• [DATA SECTION]
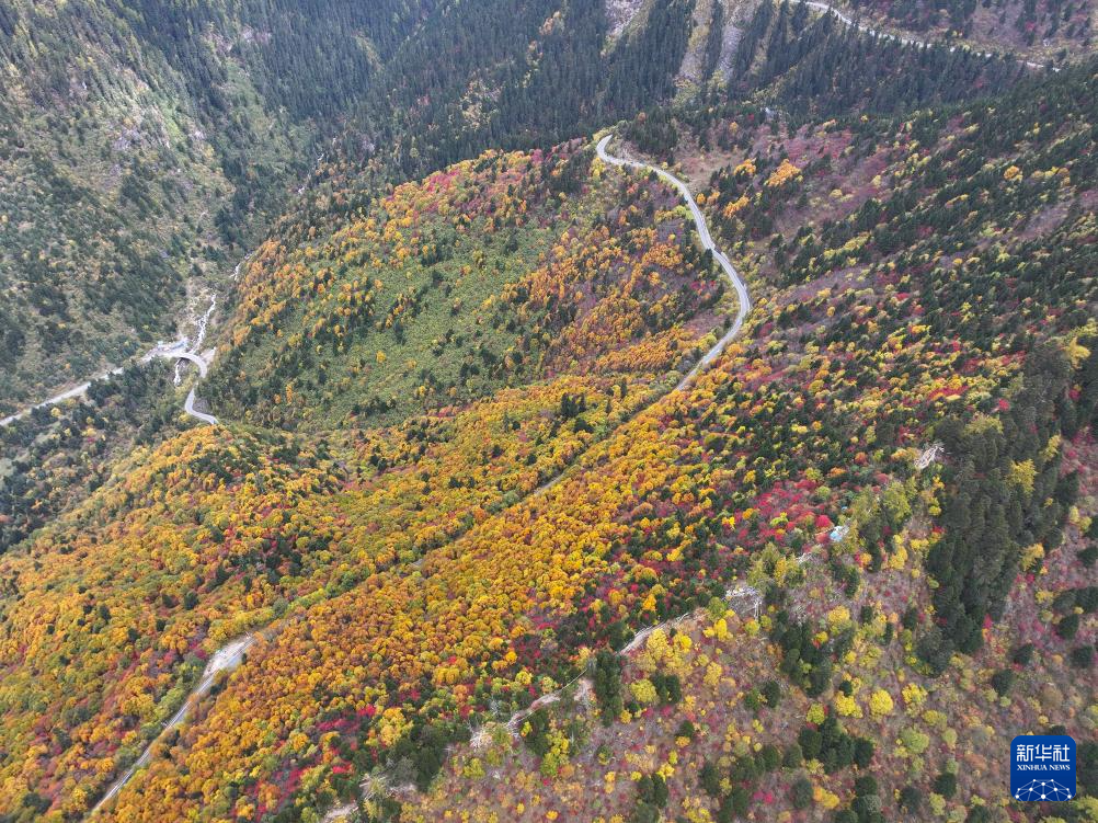 这是10月28日在林芝市巴宜区拍摄的色季拉山秋景(无人机照片)。华社记者 卢丹阳 摄
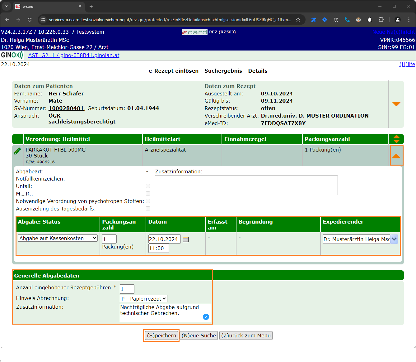 Geben Sie die Anzahl der eingehobenen Rezeptgebühren an, geben Sie als Hinweis für die Abrechnung "P - Papierrezept" an, geben Sie den Grund für die Nacherfassung in das Feld "Zusatzinformationen" ein und klicken Sie auf "(S)peichern".
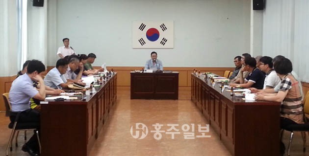 홍성읍은 지난 3일 제70주년 광복절을 기념해 태극기 물결을 아파트 단지까지 확산시키고자 읍내 18개 아파트의 관리소장과 해당 마을 이장을 초청해 읍사무소 회의실에서 간담회를 가졌다. 이번 회의는 아파트 단지 태극기 게양률 제고를 위한 방법 논의, 태극기 달기 운동 추진에 따른 애로사항 청취, 정보 공유 및 협조사항 전달 등으로 진행됐다. 이날 참석한 아파트관리소장과 이장은 “8. 15 광복을 기념하고자 군에서 대대적으로 추진하는 운동인 만큼 우리도 단결해 태극기 달기 운동이 성공적으로 추진될 수 있도록 적극 동참하겠다”고 말했다. 조승만 홍성읍장은 “나라사랑 실천의 출발점은 태극기 달기”라며 “올해는 광복70주년을 맞는 역사적이고 뜻깊은 해인 만큼 나라의 상징인 태극기가 아파트단지 곳곳에서 휘날려 태극기 물결이 넘쳐날 수 있도록 적극적인 협조 부탁드린다”고 당부했다.
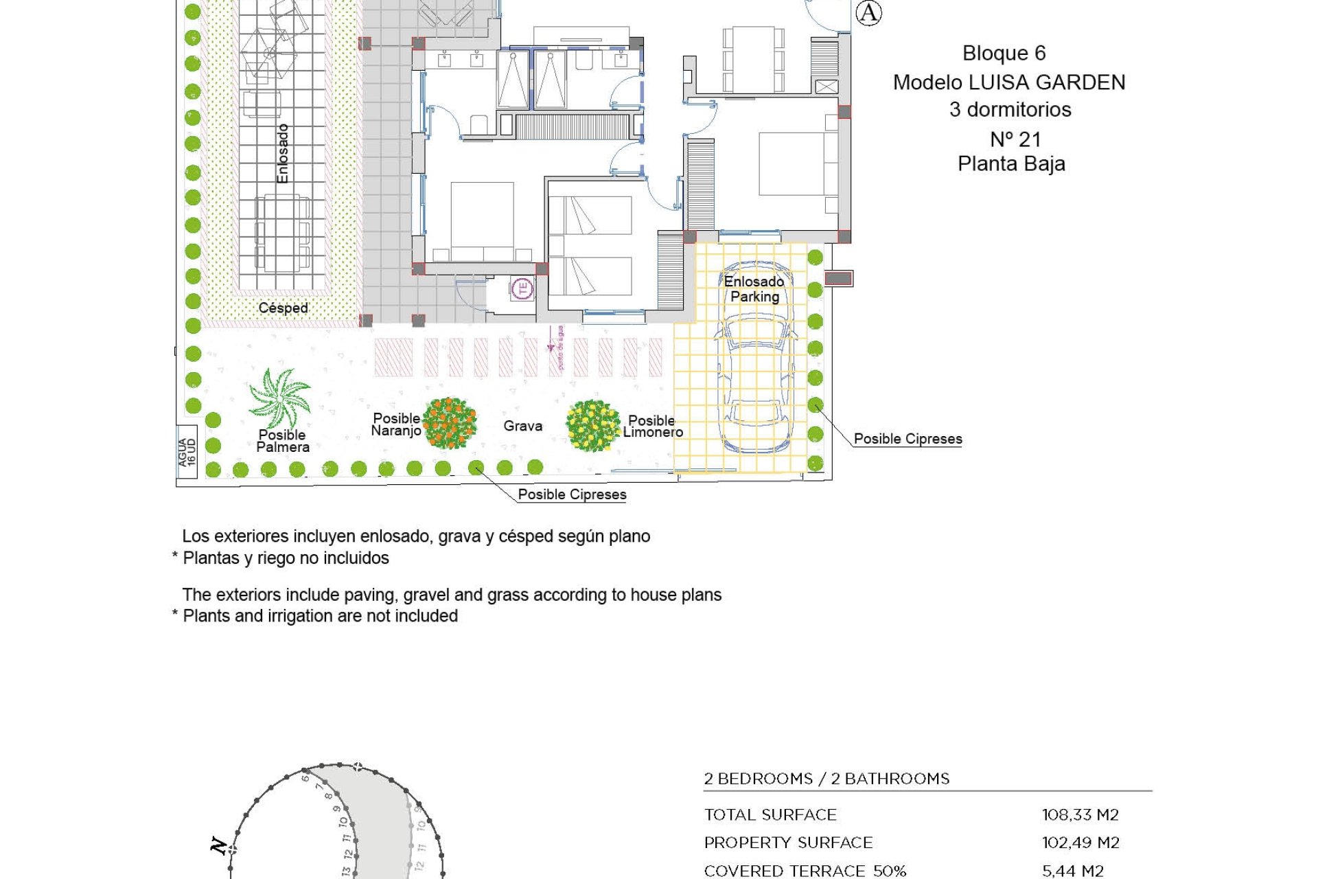 Das Innere der Bungalows ist sorgfältig gestaltet, um Komfort und Stil zu bieten. Mit zwei Schlafzimmern und zwei Bädern ist jeder Raum auf Komfort optimiert. Die Feinsteinzeugböden verleihen einen modernen Touch und sind pflegeleicht. Elektrische Rollläden und Einbauschränke sind Standardmerkmale, die die Funktionalität des Hauses verbessern. Darüber hinaus sorgt die Vorinstallation der Klimaanlage dafür, dass das Raumklima immer angenehm ist. Die Aufteilung umfasst eine Garage, die einen sicheren Platz für das Fahrzeug bietet.

• [EXERCISE REQUIREMENTS]
Each line from the first line of the material above through the line containing "Geben Sie die" is to be reproduced exactly, with both ends kept and pictures left out.

• [EXERCISE RESULT]
 这是10月28日在林芝市巴宜区拍摄的色季拉山秋景(无人机照片)。华社记者 卢丹阳 摄
 Geben Sie die Anzahl der eingehobenen Rezeptgebühren an, geben Sie als Hinweis für die Abrechnung "P - Papierrezept" an, geben Sie den Grund für die Nacherfassung in das Feld "Zusatzinformationen" ein und klicken Sie auf "(S)peichern".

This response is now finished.